The experiment was conducted in a crossover design during a single day [24]. Subjects were seated in a comfortable chair with a distance to the monitor of approximately 1 m (approx. 39 in). After a baseline measurement (including the training session), a train of rTMS was applied at three stimulation sites (MPFC, left DLPFC, sham control) in a fully counterbalanced (six possible sequences performed three times) and randomized order to control for possible carry-over and/or sequence effects (Figure 1). After each rTMS train the subject performed the GoNogo task, which lasted approximately 30 min. Electroencephalogram (EEG) was recorded during task performance at baseline and after TMS application. The interval between stimulation conditions was 50 min to exclude carry-over effects, as the rTMS protocol was expected to induce post-stimulation effects lasting only few minutes [23].

Figure 1

Experimental crossover design counterbalanced for stimulation sites.
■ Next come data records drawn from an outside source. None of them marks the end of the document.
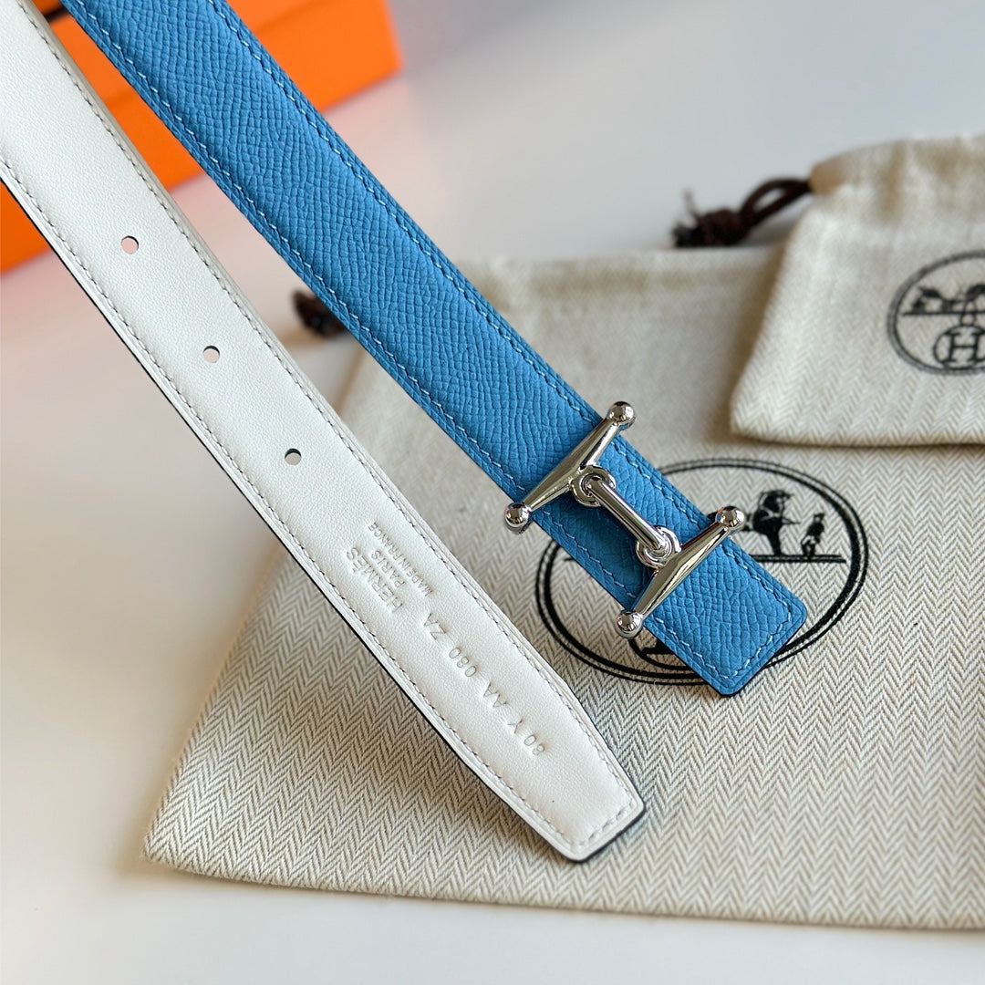 HM Silver Mors H buckle & Reversible 24 mm belt Blue White leather 125360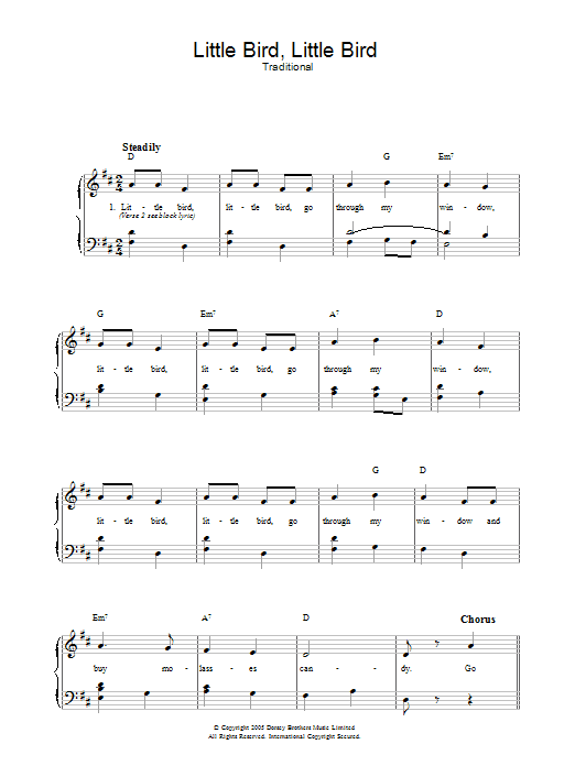 Download or print Traditional Little Bird, Little Bird sheet music, chords and digital score arranged for Piano, Vocal & Guitar Chords. This Children score includes 2 page(s).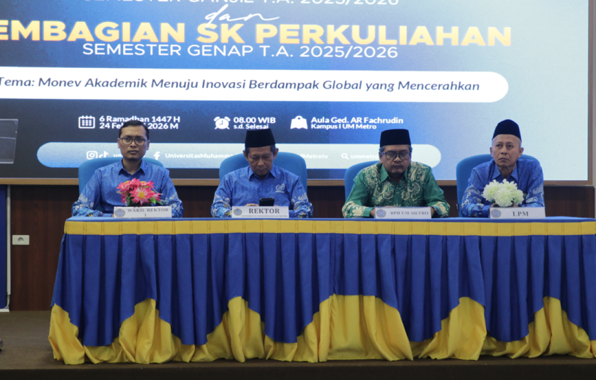 Metro, 24 Februari 2026 - Universitas Muhammadiyah Metro melaksanakan kegiatan Pelaporan Hasil Monitoring dan Evaluasi (Monev) Pelaksanaan Perkuliahan Semester Ganjil T.A. 2025/2026 pada Selasa, 24 Februari 2026 bertempat di Aula Gedung AR Fachrudin Kampus 1 UM Metro.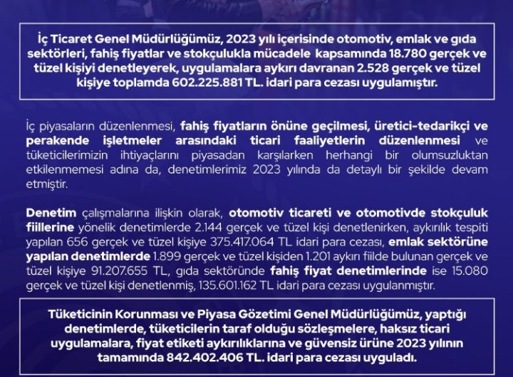 Ticaret Bakanlığı, otomotiv, emlak ve gıda sektörleri ile fahiş fiyat ve stokçuluk denetimleri kapsamında 18 bin 780...

A Magstim Super Rapid Magnetic Stimulator (Magstim Company Ltd, Whitland, UK) with a figure-8-shaped 70 mm coil was used for rTMS. RTM was determined on a separate day prior to the experimental session. Motor evoked potentials (MEPs) were recorded from the abductor pollicis brevis (APB) and defined as the minimum stimulus intensity that produced a liminal motor-evoked potential (>50 µ in at least 50% of 10 trials). Stimulation sites were defined on the basis of the International 10–20 EEG system. The frontopolar region targeting the ACC was stimulated at Fz [25] and left DLPFC was stimulated at the F3 position [26]. For sham rTMS the auditory cortex was chosen corresponding to the T3 electrode intending not to interfere with the visual task. For sham rTMS, the coil was held at an angle of 45° to the scalp to be sure not to exert an effective stimulation. Stimulations were applied at 120% of the individual RMT with a frequency of 1 Hz for 10 minutes (600 impulses). During rTMS, the respective electrode was transiently removed and replaced immediately afterwards.

5 EEG-recording

EEG was recorded with 33 Ag/AgCl electrodes referred to Cz (32 channels: Fp1, Fp2, F3, F4, F7, F8, C3, C4, P3, P4, T5, T6, T3, T4, O1, O2, Fz, Cz, Pz, Oz, A1, A2, T1, T2, Fc5, Fc6, Fc1, Fc2, Cp5, Cp6, P9, P10). An EEG-Cap was used with removable electrodes to allow for application of rTMS. Electrodes were positioned according to the International 10–20 system. For the recording of eye movements an additional electrode (EOG) was positioned 1 cm lateral to the left eye. Electrode skin impedance was less than 5 kΩ at the beginning of the session. Data were collected with a sampling rate of 250 Hz and an analogous band pass filter (0.16 - 200 Hz).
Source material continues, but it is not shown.